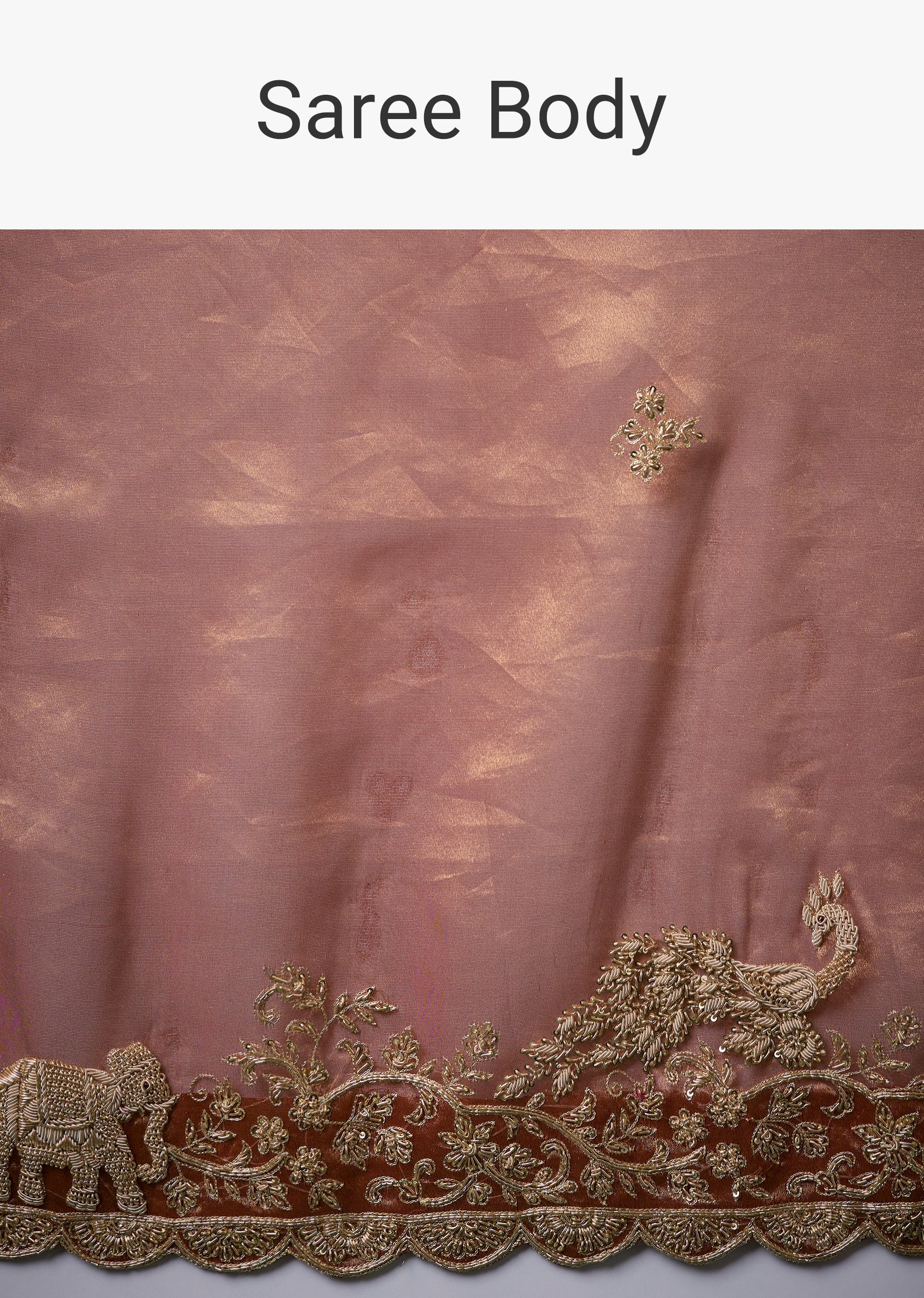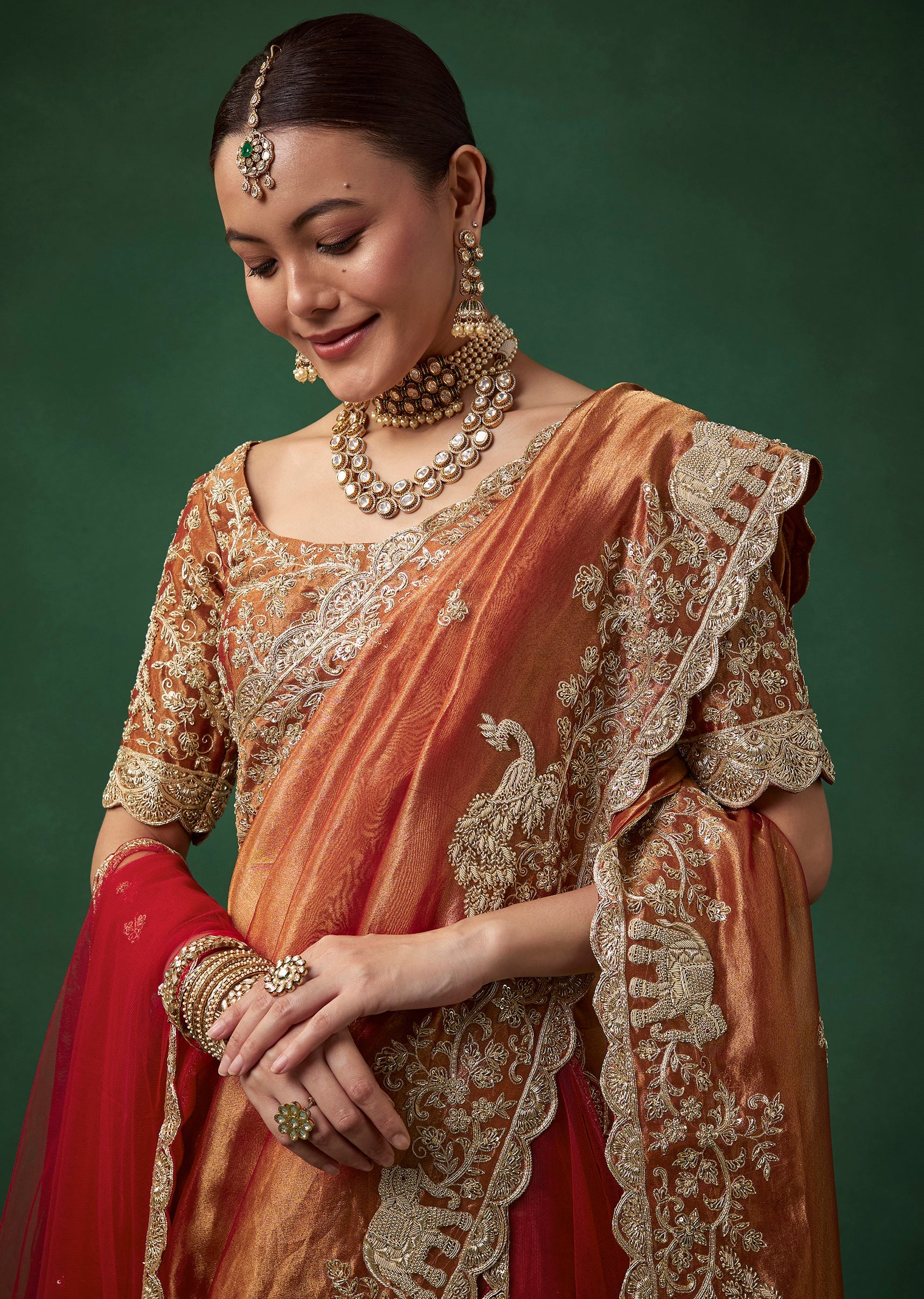 Bridal artistry comes alive in this organza silk saree, adorned with a richly embroidered scallop border and intricate detailing on the blouse featuring zardosi and zari work. Traditional motifs including elephants, peacocks, and florals are embroidered all over the drape, adding depth and cultural elegance, while the matching scallop embroidered dupatta completes the ensemble with a regal touch. The set includes one saree, one unstitched blouse fabric, and one dupatta, making it perfect for weddings and grand celebrations. Awarded as the Most Trusted Brand, we're delivering styles you love, just as promised.
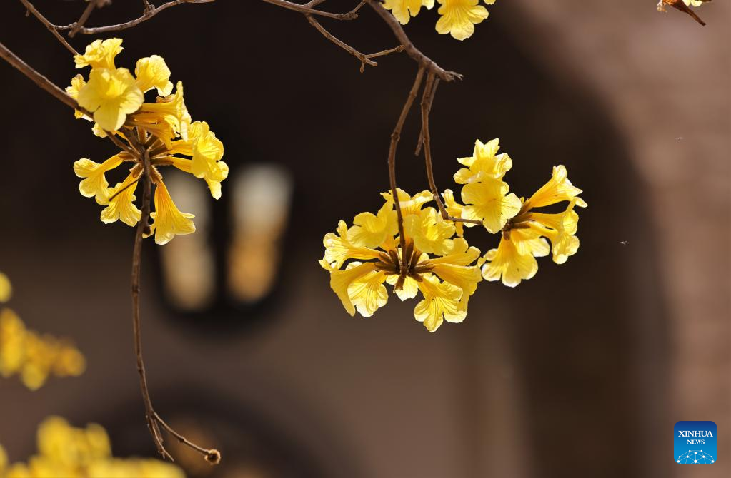 Tabebuia Chrysantha blossoms are seen in downtown Beirut, Lebanon, on March 31, 2022. (Xinhua/Liu Zongya)
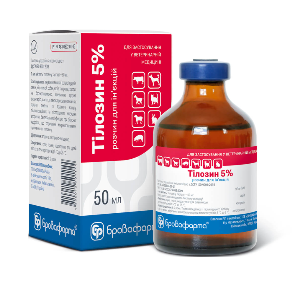 Лікування великої рогатої худоби, овець, кіз, свиней, собак, котів, кроликів за захворювань на хламідіоз, мікоплазмоз, артрит, мастит, за захворювань органів дихання та ШКТ, післяопераційних та післяродових ускладнень та інших бактеріальних інфекцій, що спричинені мікроорганізмами, чутливими до тилозину.
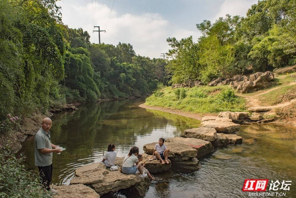 在愚溪河上,阳光、石墩和笑声都慢了下来。(图源:红网论坛@花滩河边)
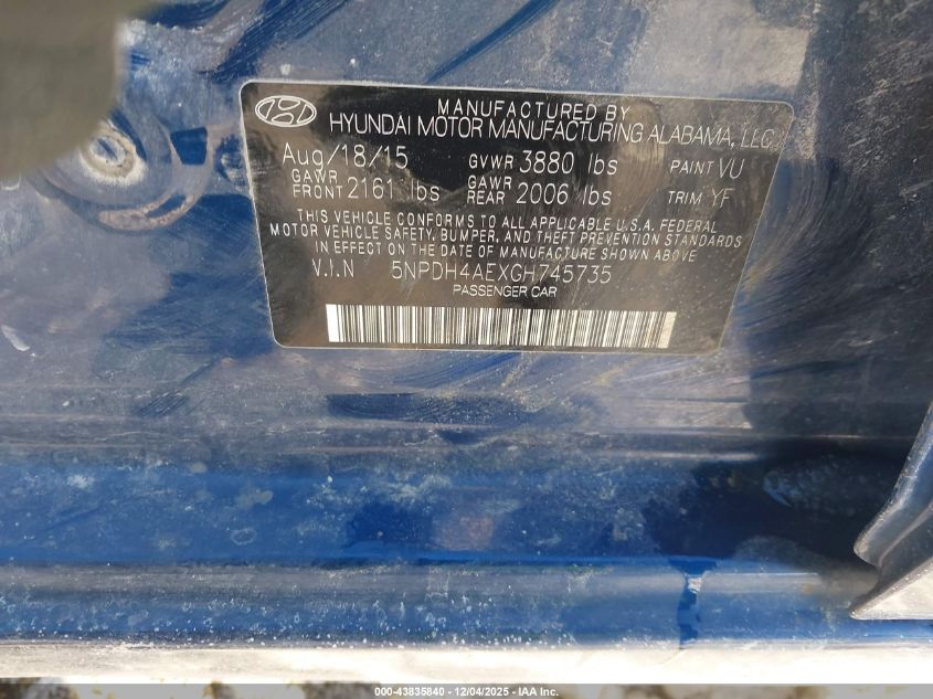 2016 HYUNDAI ELANTRA 2016 року Бензин, 1.8, Передний привод, vin - 5NPDH4AEXGH745735 из США
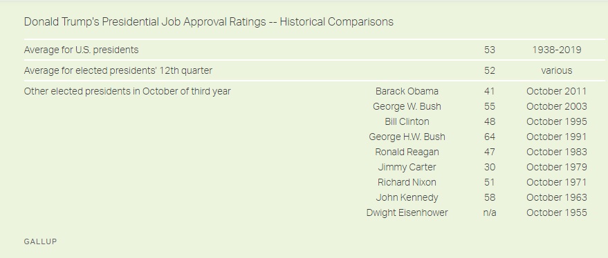 Крупнейшая социологическая контора США (и не только) Gallup публикует свежие результаты соцопроса по одобрению деятельности президента США. Что любопытно, методологически опрос сопоставим с опросом по России, результаты которого, так же за октябрь 2019, мы рассматривали на днях https://aftershock.news/?q=node/803103.
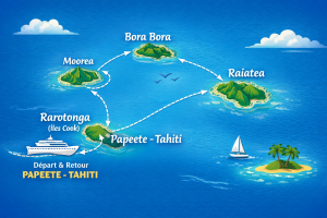 Embarquez pour une aventure inoubliable au cœur du Pacifique Sud et laissez-vous porter par la magie de la Polynésie. Au départ de Papeete, cette croisière de 8 nuits vous invite à découvrir des îles mythiques aux lagons turquoise, aux plages immaculées et aux cultures fascinantes.
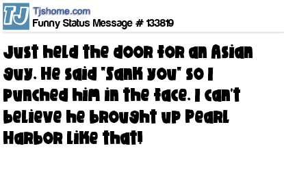 - # 106083 I just held the door open for a Japanese guy and he said, "Sank you" So I punched him in the face. I can't believe he brought up Pearl Harbor just like that.
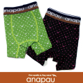 | 【デザイン】 | anapauが得意とするアニマルドットシリーズです。高品質なストレッチ素材の世界的ブランドのLYCRAを使用し体にしっかりフィットして美しいラインを魅せてくれるボクサーパンツです。繊細な股部には一般的なオーバーからの縫い合せでなく、直接フラットシーマで縫い合わせる事によって、限りなくフラットに近い縫製を施しています。ローライズながらも若干ゆとりのある股上、股下も短過ぎないように、日本人体型向けにデザインされています。 |
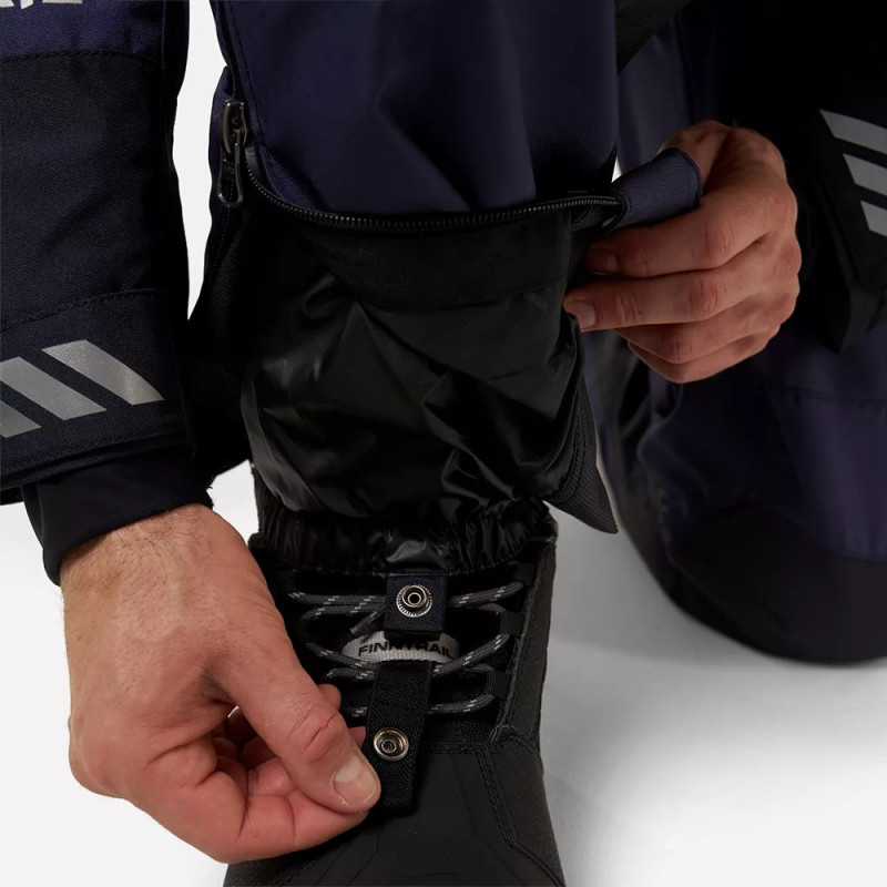 В конструкцию полукомбинезона интегрированы настраиваемые подтяжки, которые позволяют регулировать посадку по росту и создают идеальное прилегание во время активных движений. Благодаря защитным гетрам снег не попадает внутрь ботинок и брюк. Вставка из мягкой пенки в области коленных суставов обеспечивает отличную теплоизоляцию, когда необходимо вставать на колени, и амортизацию, снижая риск повреждений. Центральная двухзамковая тракторная молния YKK с дополнительной подпланкой обеспечивает прочное соединение и защиту от ветра. Боковые швы на штанинах оснащены влагозащитными молниями. Длину штанин также можно отрегулировать. Полукомбинезон имеет три внешних кармана на застёжках-молниях: два набедренных с защитными клапанами и тёплой подкладкой, а также один объёмный нагрудный. Модель оснащена светоотражающими элементами, которые обеспечивают безопасность при нахождении в темноте или при плохой видимости.
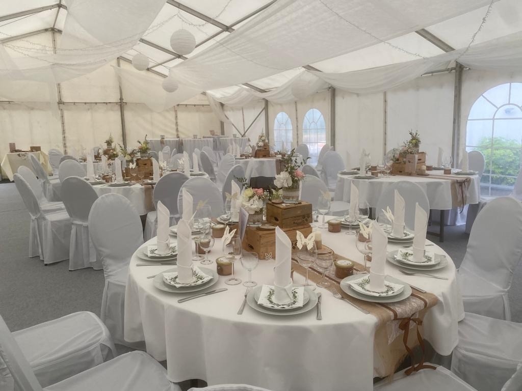 Feiern Sie Ihre Hochzeit wetterunabhängig im feierlichen Ambiente eines feierlich dekorierten Hochzeitszeltes.

·····

Problem to work on: Copy word for word the lines above, starting at the line containing "2016 HYUNDAI ELANTRA" and ending at the line containing "- # 106083 I", inclusive, with no pictures.

Solution:
 2016 HYUNDAI ELANTRA 2016 року Бензин, 1.8, Передний привод, vin - 5NPDH4AEXGH745735 из США
 Крупнейшая социологическая контора США (и не только) Gallup публикует свежие результаты соцопроса по одобрению деятельности президента США. Что любопытно, методологически опрос сопоставим с опросом по России, результаты которого, так же за октябрь 2019, мы рассматривали на днях https://aftershock.news/?q=node/803103.
 Embarquez pour une aventure inoubliable au cœur du Pacifique Sud et laissez-vous porter par la magie de la Polynésie. Au départ de Papeete, cette croisière de 8 nuits vous invite à découvrir des îles mythiques aux lagons turquoise, aux plages immaculées et aux cultures fascinantes.
 - # 106083 I just held the door open for a Japanese guy and he said, "Sank you" So I punched him in the face. I can't believe he brought up Pearl Harbor just like that.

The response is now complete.